Can’t find someone brave enough to join you? Instead, try telling your friends your resolutions – tell everybody, the more people you tell, the more you’ll feel accountable for them. That way your friends will be likely to remind you of your goals just by casually inquiring, “So, how are you coming with [insert goal here]?”
Concerned your friends won’t help enough? There’s always the possibility of hiring a Task Runner to help keep you on track. Task runners can call or send motivational emails. They can also provide wake up calls or rides to the gym. You might even be able to find a gym partner!
3) Make specific resolutions
Instead of “eat healthier,” try “eat healthier by cutting out chips and soda” or “eat healthier by eating out less.” Making specific goals does a few things. Firstly, it makes that goal much more concrete. You have a goal, and you also have a path through which to reach that goal. Secondly, it gives you a way to start and takes away that difficult stage of “okay, I have a goal, what do I do now?”

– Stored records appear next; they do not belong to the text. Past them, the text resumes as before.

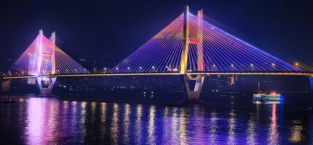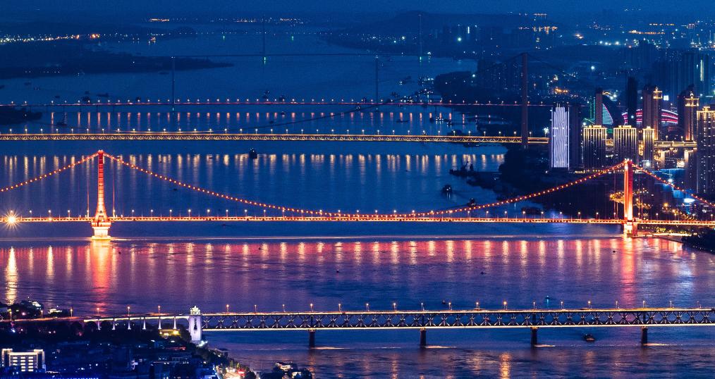 WUHAN, 26 avril (Xinhua) -- Vue nocturne du Pont du fleuve Yangtsé à Wuhan, capitale de la province chinoise du Hubei (centre), le 25 décembre 2025.
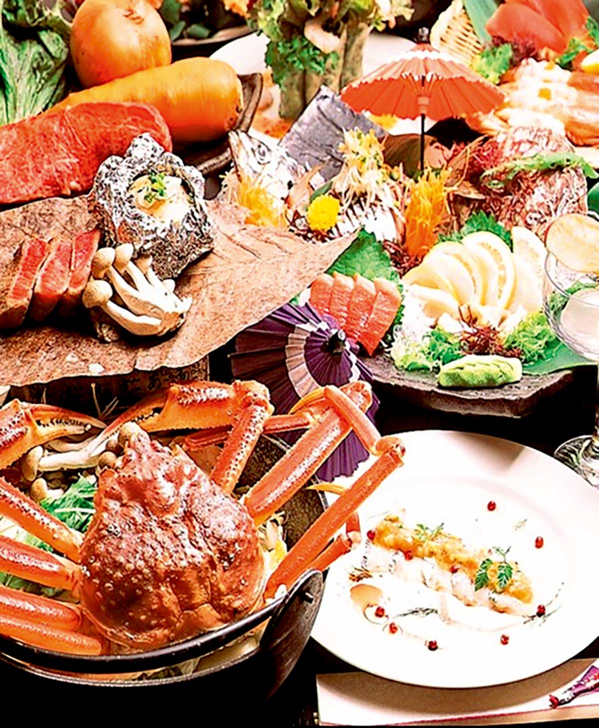 また、忘・新年会におすすめの「北海道プラン」は飲み放題付きで、ズワイガニなどの北海道名物が全9品登場する。
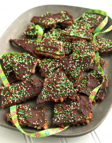 This week the face stuffing continues with this “twist” on my favorite Saltine Cracker Toffee….I twisted it with pretzels. Get it? Twist…pretzel. Yeah…moving on.
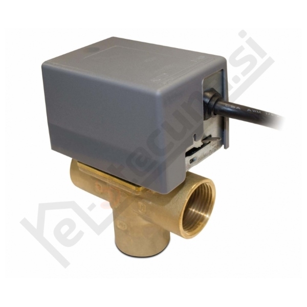 Na robustnem medeninastem ohišju je nameščen motorni pogon s povratno vzmetjo in omejevalnim stikalom, ki omogoča tudi ročni preklop ali zaprtje ventila v primeru izpada elektrike ali servisnih posegov.
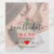 Tipografía sencilla, elegante y moderna Wedding Save The Date wine label con un corazón rojo y una foto adorables. Los regalos perfectos para una pequeña cohorte de sus visitantes más queridos y especiales. Su huésped sentirá la emoción cuando les envíe estos exclusivos, adorables y memorables favores que tienen algún significado personal y mantienen una memoria duradera después del día de la boda.

4) Make a plan for your goal
You may have the best intentions to actually follow through with your resolutions this year, but without a step-by-step plan, you’ll find it difficult to know where to start. After making your more specific goal (“lose 15 pounds by working out” or “Make a comprehensive budget on Mint.com”) come up with a step-by-step plan to accomplish your goal. Example: “lose 15 pounds by working out 3 times a week” Plan: MWF 30 mins Strength, 30 mins Cardio from 5-6pm after work at X Gym on X Street. Step One: Sign up for Gym Membership. Step Two: Sign up for Personal Training Session. Step Three: Track Weight Loss (etc).
Without a plan, your goal will remain a vague idea that will turn into an excuse: “I don’t know where to start!”
5) Get an app for it
Smart phones have made following through with your resolutions so much easier because of the various applications available to track your goals. For example, Calorie Counter Fitness Pal takes in your weight loss goal and gives you a comprehensive plan to reach it. The Mint.com application helps you keep track of your budget – combining all your bank and credit cards in one place. Regardless your resolution – as they say in those annoying commercials – there’s an app for that.
6) Give yourself a deadline
This is very important. Without deadlines in mind, it will be easy to keep putting off your resolutions. And don’t give yourself all year. As we mentioned earlier in this article, make goals in stages. Start smaller and with a closer deadline. Of course, it’s good to keep the larger goal in mind as well. Example: “Lose 15 pounds by March, lose 45 by August.”
7) Work it into your Routine
The more work you put into your goal on a daily basis, the easier it will be in the future. Perhaps your goal is to keep your house cleaner and more organized – start making the conscious effort to put things where they belong the first time, instead of tossing things on your bed or couch. Eventually, it will become habit to put things away, and you won’t even have to think about it anymore.
Keep in mind that it’s perfectly reasonable to conquer only one goal at a time. Of course it’s going to feel impossible to eat healthier, go to the gym, quit smoking, and wake up earlier if you try to change all those things at once. Instead, try to figure out which of them is most affecting the others and start there. For example, perhaps if you go to sleep earlier you can wake up earlier and then you won’t feel the need to eat so much sugar or caffeine to stay awake during the day. That, in turn, will make you feel less stressed and it will become easier to quit smoking. Don’t expect your body to immediately adapt to the change, either. Our bodies need time to get over a dependency and that will certainly take a lot of effort and even pain on your part. Stick it out the best you can – everything gets easier after the first few weeks.
8) Start today!
There is no better day than today to get started on your resolutions. The more you put it off, the harder it will become to get started!